Henry Asbury, Capt. 3rd US Infantry
Bvt Major USA Cammanding
The next notice of Parker comes from court-martial records of May 21 and June 22, 1869, when 2nd Lt. B. F. Bell, 10th U. S. Cavalry, was arraigned and tried at Fort Harker on various charges. The 4th specification of Charge I reads, "In that 2nd Lieutenant B. F. Bell, 10th Regiment U. S. Cavalry, a person in the land forces of the U. S. did wrongfully and knowingly sell, convey, or dispose, to one Samuel Parker, one mule, the property of the U. S. furnished for the military service of the U. S. This at Fort Zarah, Kansas, on or about the 1st day of April, 1869."

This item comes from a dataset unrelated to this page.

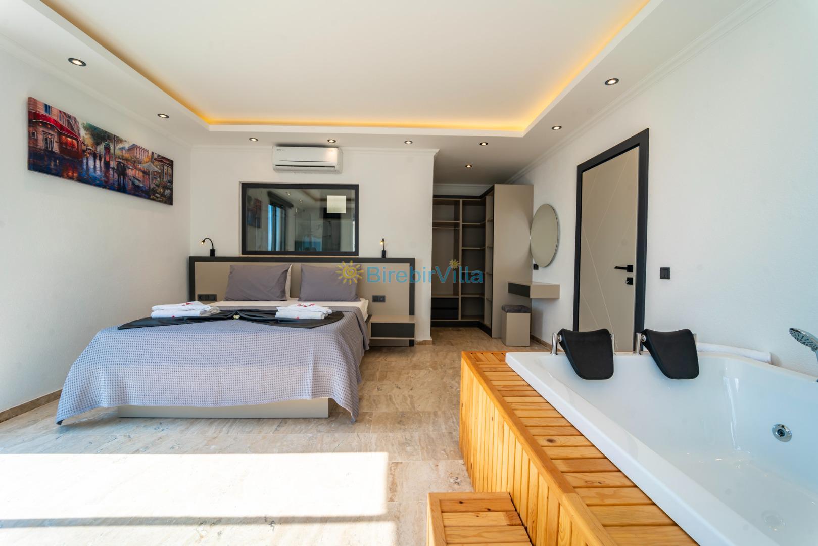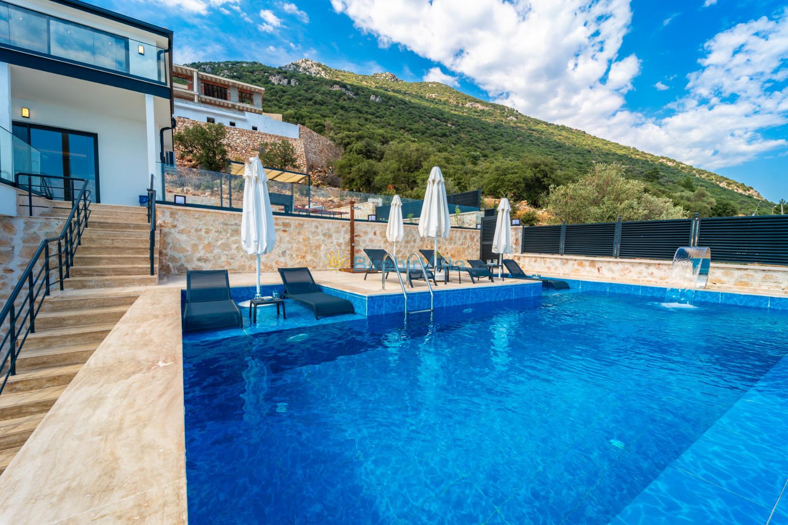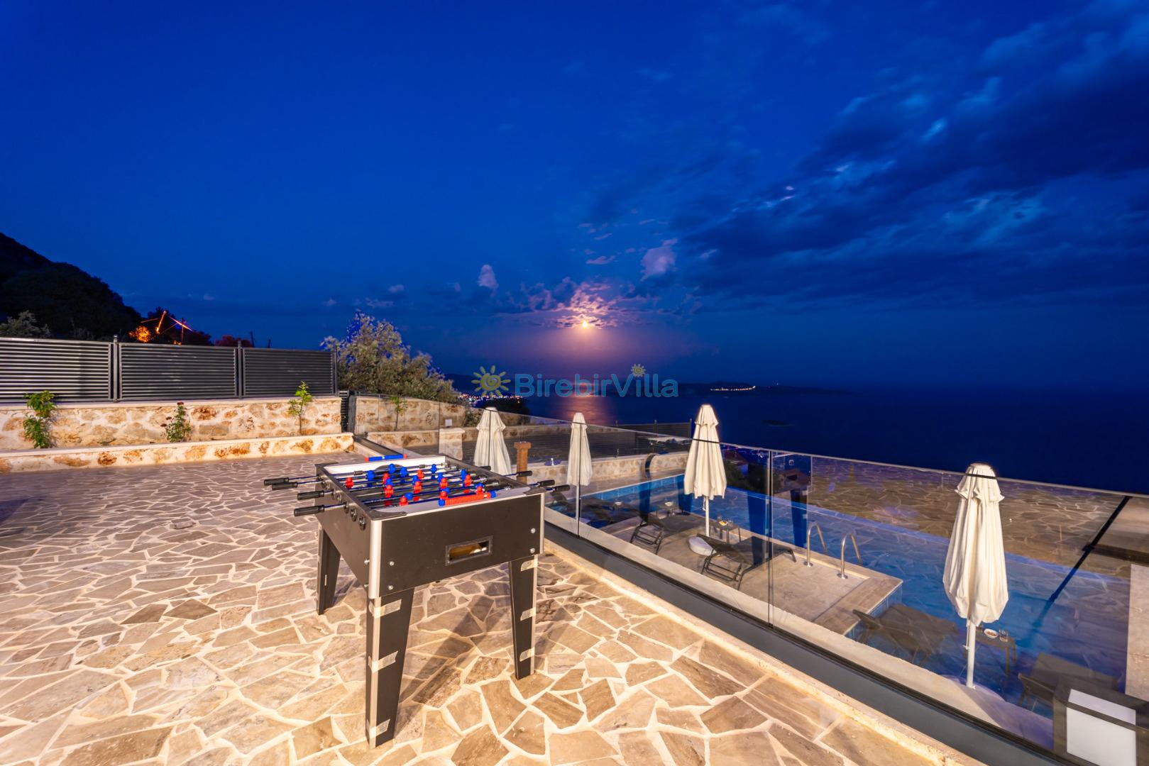 Villa Avenir, Kaş mevkisinde yer alan 4 yatak odalı 8 kişi kapasiteli deniz manzaralı lüks tatil villasıdır. Saunalı, Jakuzili ve kapalı Havuzlu villamız misafirlerimiz için gerekli bütün konforu sağlamaktadır. Isıtmalı havuzu ve havuz alanından görünen muhteşem deniz ve doğa manzarası eşliğindeki bu harika villamızda tatilin tadını doyasıya çıkarabilirsiniz. Kalkan bölgesinin o eşsiz manzarasına panaromik bir bakış açısı ile ulaşabileceğiniz villamız tepe üzerine kurulmuştur. Villa içerisinde ihtiyaç duyabileceğiniz tüm detaylar en ince ayrıntısına kadar düşünülmüş olup odaların hemen her yerinden enfes deniz manzarası görünmektedir. Ailenizle ve sevdiklerinizle size ait özel havuzunda keyifli vakit geçirebilir ve deniz manzaralı bahçesinde mangal yakabilirsiniz.
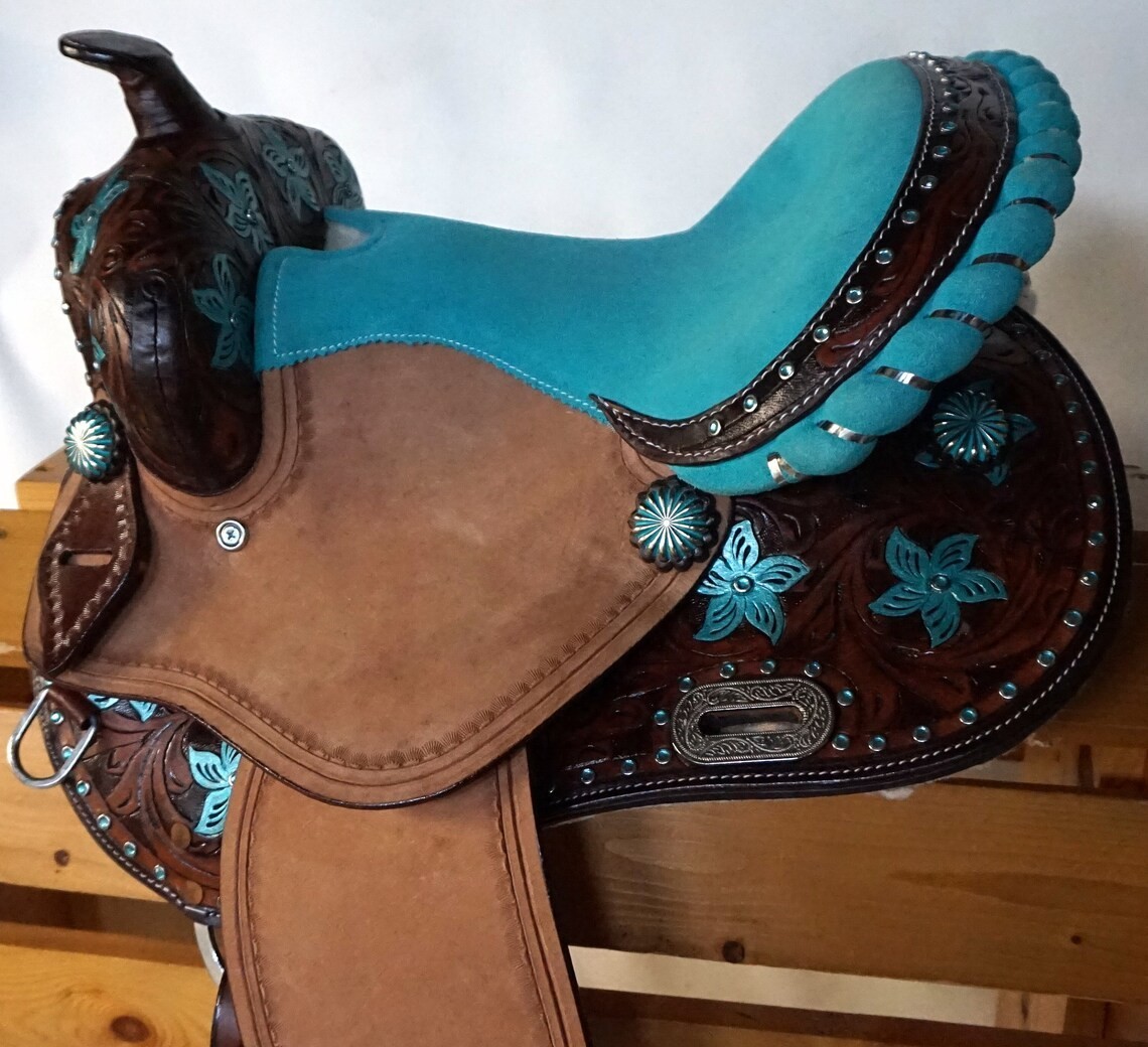 Western Horse Saddle Barrel Racing Leather Trail Tooled Carved Equestrian 10-13

The 2nd specification of Charge II reads, "In that 2nd Lieutenant B. F. Bell, 10th Cavalry, a commissioned officer in the military service of the U. S., having loaned or disposed of, to Samuel Parker, one mule, the property of the U. S., when called upon by his commanding officer to have the said mule returned to the government corral, replied that said mule was lost, which reply was willfully false and intended to deceive, within the knowledge of said Lieutenant Bell. This at Fort Zarah, Kansas, on or about the 5th day of April, 1869."

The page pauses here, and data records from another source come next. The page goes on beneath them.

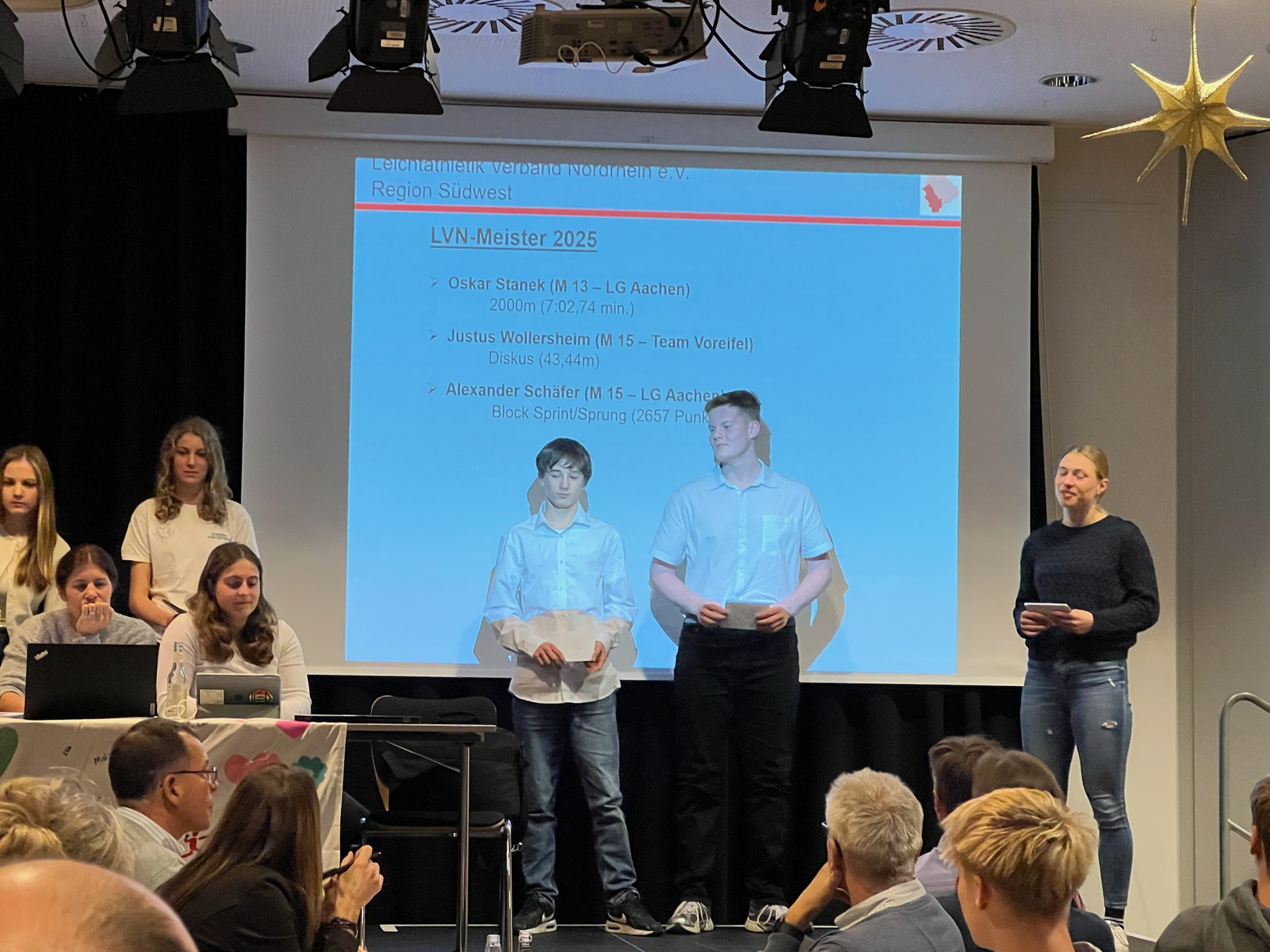 Zum Abschluss der Leichtathletik-Saison 2025 kamen am 1. Dezember die Vereine der Region Südwest in Eschweiler zur jährlichen Regionsversammlung zusammen. Traditionell wurden dabei die erfolgreichsten Nachwuchsathletinnen und -athleten aus den Kreisen Aachen, Düren, Euskirchen und Heinsberg geehrt.
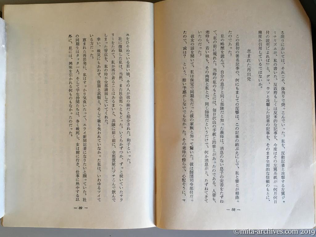 the-last-scoop-reporter_050 ← 前へ 次へ → 最後の事件記者 p.088-089 彼女の話を聞いて、私は保定で同期生だった彼の家族と知って驚いた。彼は師団司令部付だったので、或は? という、暗い予感がしないでもなかった。
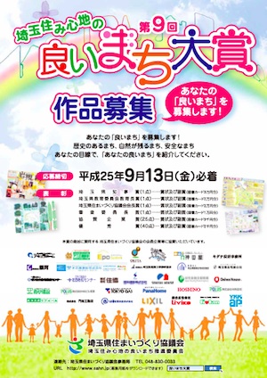 埼玉県の住まいに関わる団体、企業などでつくる埼玉県住まいづくり協議会(事務局:さいたま市、会長:風間健氏/高砂建設社長)は、県内にある住み心地のよいまちを多様な視点から推薦・PRする作品を募集するコンテスト「第9回 埼玉住み心地の良いまち大賞」を開催する。
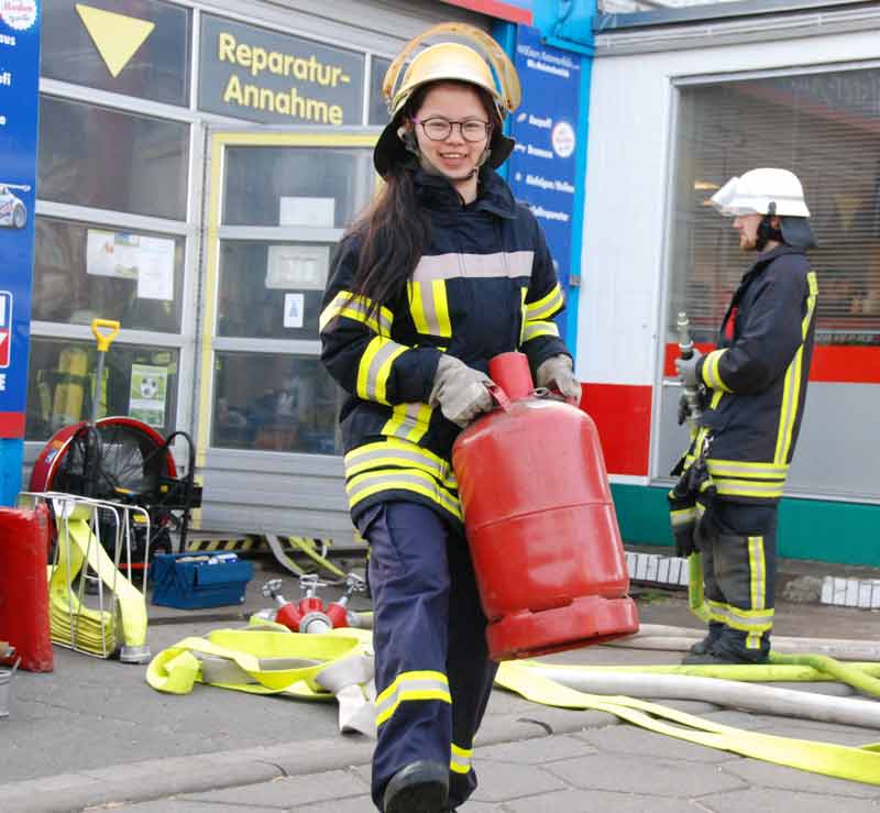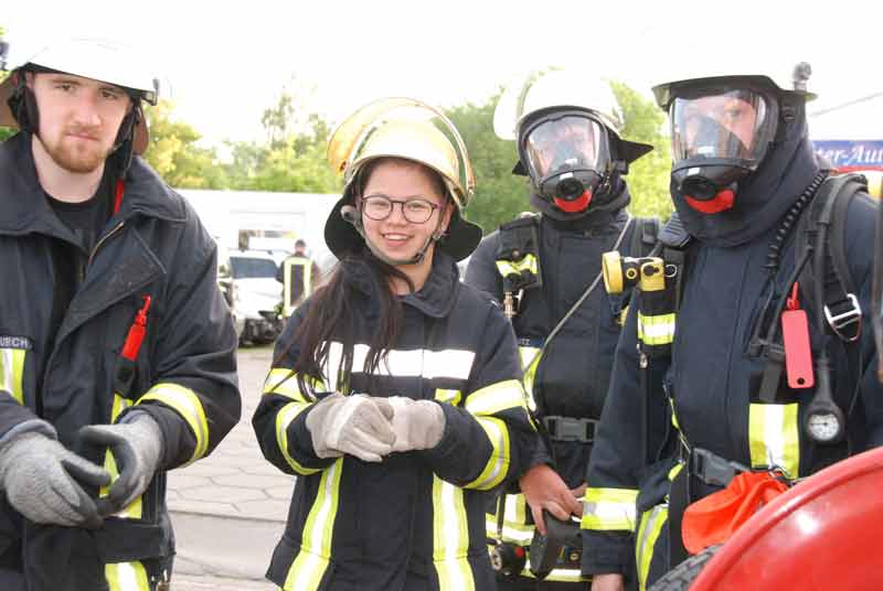 19-jährige Austauschschülerin aus Taiwan steht bei den Einsatzkräften in Wilster auch bei einer großen Übung ihren Mann

The 4th specification of charge III reads, "In that 2nd Lieutenant B. F. Bell, 10th Cavalry, a commissioned officer in the military service of the U. S. did say to one Losse, a beef contractor for the Subsistence Department at Fort Zarah, Kansas, when asked by said Losse to settle a dispute between him, Losse, and one Samuel Parker, relative to the killing of two cattle, each of the parties claiming said cattle, the following words: 'If there is any money in this thing, I will decide in your favor,' or words to that effect, thereby intending to convey to said Losse, the idea that if he, Losse would bribe him (Lieutenant Bell), he (Lieutenant Bell) would decide in his (Losse's) favor. This at Fort Zarah, Kansas, on or about the 27th day of February, 1869."
The 1st specification of charge IV reads, "In that 2nd Lieutenant B. F. Bell, 10th U. S. Cavalry, a commissioned officer in the military service of the United States, did, in an official communication addressed to his commanding officer, say: 'I consider Mr. Parker's present arrest an outradge and an injustice,' referring to an arrest made by his commanding officer. This at Fort Zarah, Kansas, on or about the 7th day of April, 1869."
The court found Lt. Bell not guilty on the above-mentioned specifications in Charge I. As to the specifications in charge III, the prosecution, in both instances entered a nolle prosequi (refuse to pursue). The court found Bell guilty in the above-mentioned in charge IV and in other charges not here discussed. Resultantly, Bell was "dismissed and cashiered" from the U. S. Army. While Parker, a civilian, was not a subject of the court-martial, at least on one occasion he was placed under arrest by Fort Zarah's commanding officer.
In September 1869 Parker was in residence at Fort Supply, Indian Territory, where he had secured a contract to supply hay to the post. Evidently, he had other business interests, as Robert Carriker reported, "Samuel Parker, post hay contractor, was discovered to be doubling as a whiskey runner; trading his potent wares to the Indians for horses."
As to the character of Samuel Parker, it would be safe to conclude that he did have a certain entrepreneurial streak as observed in his various places of residence at or near U. S. Army posts. On the frontier of the 1860s, opportunities for commercial ventures of any kind were largely limited to army posts and trading ranches. Such is seen in Parker's ranches near Fort Larned, his legal and illegal activities at Fort Supply, and whatever pursuits he followed at Fort Zarah. As such, the author's speculation is that Parker may well be an archetype of those men who exploited the few resources available on the 19th-century frontier.